Your assignment: Which of the lines below contain the string "used"? Copy each one.

Supplied data:
'''
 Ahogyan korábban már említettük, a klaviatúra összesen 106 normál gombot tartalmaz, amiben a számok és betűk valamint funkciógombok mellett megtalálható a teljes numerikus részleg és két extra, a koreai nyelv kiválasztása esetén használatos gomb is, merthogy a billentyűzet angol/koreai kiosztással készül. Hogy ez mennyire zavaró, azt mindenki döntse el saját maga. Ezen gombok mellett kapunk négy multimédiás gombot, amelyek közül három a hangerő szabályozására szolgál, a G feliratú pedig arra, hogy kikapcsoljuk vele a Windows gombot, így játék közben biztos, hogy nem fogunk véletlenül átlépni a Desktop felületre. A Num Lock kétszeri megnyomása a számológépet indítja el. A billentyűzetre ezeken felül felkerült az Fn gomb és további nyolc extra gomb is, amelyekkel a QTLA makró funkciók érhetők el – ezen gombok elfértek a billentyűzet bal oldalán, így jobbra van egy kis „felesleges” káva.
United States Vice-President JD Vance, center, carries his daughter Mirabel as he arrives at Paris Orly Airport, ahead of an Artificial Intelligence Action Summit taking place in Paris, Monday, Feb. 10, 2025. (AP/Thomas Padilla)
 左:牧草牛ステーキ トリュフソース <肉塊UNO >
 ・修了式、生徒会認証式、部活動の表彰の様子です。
'''
'''
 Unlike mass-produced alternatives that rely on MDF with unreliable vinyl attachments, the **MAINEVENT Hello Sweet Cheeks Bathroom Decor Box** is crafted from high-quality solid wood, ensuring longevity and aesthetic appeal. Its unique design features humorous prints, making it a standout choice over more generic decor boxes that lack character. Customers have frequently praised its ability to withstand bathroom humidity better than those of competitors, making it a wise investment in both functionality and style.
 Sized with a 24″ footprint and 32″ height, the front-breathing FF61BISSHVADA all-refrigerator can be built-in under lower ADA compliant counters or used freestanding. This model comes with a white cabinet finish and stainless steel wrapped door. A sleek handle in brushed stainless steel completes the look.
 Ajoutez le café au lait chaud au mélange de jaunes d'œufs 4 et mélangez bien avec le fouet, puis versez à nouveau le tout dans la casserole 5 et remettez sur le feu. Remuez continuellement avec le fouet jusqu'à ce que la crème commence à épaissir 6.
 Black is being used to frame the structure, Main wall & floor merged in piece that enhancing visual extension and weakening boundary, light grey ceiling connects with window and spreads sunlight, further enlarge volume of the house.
'''
'''
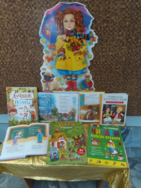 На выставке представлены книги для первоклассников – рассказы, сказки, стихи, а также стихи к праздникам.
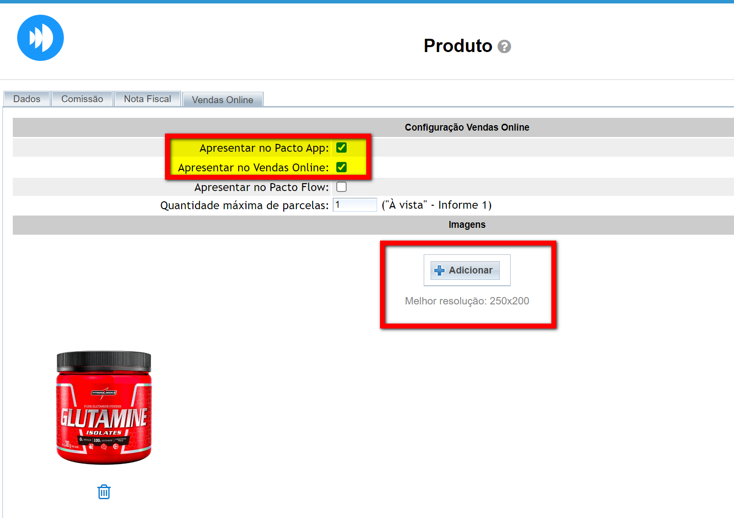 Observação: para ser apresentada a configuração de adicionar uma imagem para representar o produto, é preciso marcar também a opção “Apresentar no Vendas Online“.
'''
Task answer:
 Sized with a 24″ footprint and 32″ height, the front-breathing FF61BISSHVADA all-refrigerator can be built-in under lower ADA compliant counters or used freestanding. This model comes with a white cabinet finish and stainless steel wrapped door. A sleek handle in brushed stainless steel completes the look.
 Black is being used to frame the structure, Main wall & floor merged in piece that enhancing visual extension and weakening boundary, light grey ceiling connects with window and spreads sunlight, further enlarge volume of the house.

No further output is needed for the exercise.